Читаем Век диаспоры. Траектории зарубежной русской литературы (1920–2020). Сборник статей полностью

В целом, как показывают эти примеры, писатели, оставшиеся в России после 1917 года, с новой энергией продолжали развивать существующую пророческую традицию. Как и прежде, ссылаясь на разных предшественников, они двигались в противоположных направлениях: служение государству или противостояние ему, выдвижение на первый план религиозного подхода к историческим переменам или отрицание такого подхода, привлечение сторонников или сожаления по поводу отсутствия аудитории. Поэтические жанры (стихотворения и поэмы) оставались наиболее значимыми и порой дополнялись смесью литературного комментария и политического фельетона. Наряду с мессианской серьезностью в литературе присутствовали сатира и ирония. Это сложное смешение голосов и различных способов исполнения роли было тем задником, на фоне которого писатели-эмигранты искали свои пути следования традиции. Как и их коллеги в России, они столкнулись с проблемой недостатка восприимчивой аудитории. Как мы увидим далее, Бунин, Набоков и Иванов по-разному решали эти задачи.

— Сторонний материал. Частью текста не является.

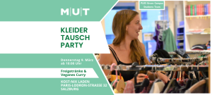 Bevor die Tage wieder mit heiteren Studieren vergehen, laden das MUT Kost-Nix Team und das Plus Green Campus zur bunten Kleidertausch-Party im Kost-Nix Laden ein.
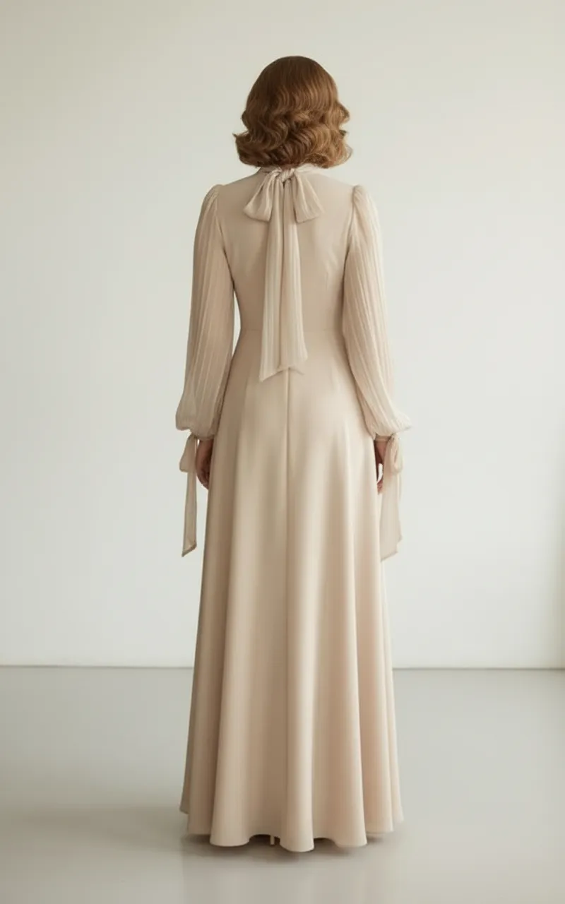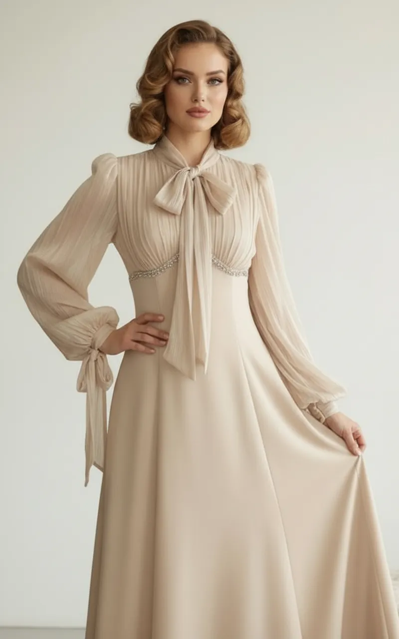 Bilekte bağcıklı, hafif volanlı uzun kollar ile zarif ve nostaljik bir stil
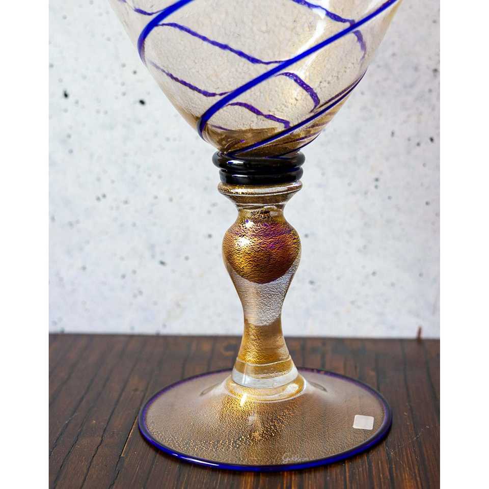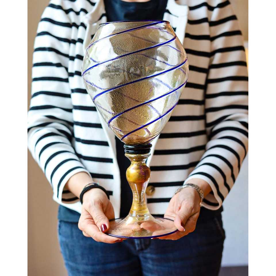 Vase en verre soufflé Gabbiani, grand modèle, transparent avec des rayures bleues, design minimaliste et luxueux pour les arrangements floraux à la maison, matériau en cristal
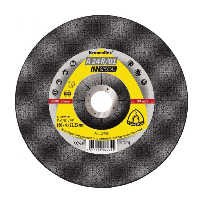 Schruppscheibe A 24 R/01 Special. Mittlere Härte. Spezialscheibe für den Pipeline- und Behälterbau, Schweißnahtbearbeitung im Stirnschliff, Ausschleifen von Schweißfehlern oder Wurzelnähten. Hochleistungsprodukt für spezielle Anwendungen in Industrie und Handwerk.

Речь Бунина «Миссия русской эмиграции»

Первым примером в этом ряду будет представитель старшего поколения писателей. Бунин произнес свою знаменитую речь «Миссия русской эмиграции» 16 февраля 1924 года перед большой аудиторией, собравшейся в парижском Salle de Géographie – подходящем месте для людей, находящихся географически вне родины, которые собрались, чтобы определить свою миссию183. Бунин выступал первым, и после него было еще пять докладчиков, включая Мережковского и Шмелева184.

Обращаясь к слушателям как к «соотечественникам», т. е. людям, имеющим общее отечество, Бунин в начале своей речи подчеркивает, что они «эмигранты», а не «изгнанники»: «Мы эмигранты, – слово „émigrer“ к нам подходит, как нельзя более. Мы в огромном большинстве своем не изгнанники, а именно эмигранты, т. е. люди, добровольно покинувшие родину»185. Почему это различие так важно? Потому что добровольная эмиграция подразумевает ощущение миссии. Определяя это понятие, Бунин использовал французский словарь, очевидно потому, что во французском оно связывает идею миссии с властью: «Миссия – это звучит возвышенно. Но мы взяли и это слово вполне сознательно, памятуя его точный смысл. Во французских толковых словарях сказано: „миссия есть власть [pouvoir], данная делегату идти делать что-нибудь“ […] Миссия, именно миссия, тяжкая, но и высокая, возложена судьбой на нас»186.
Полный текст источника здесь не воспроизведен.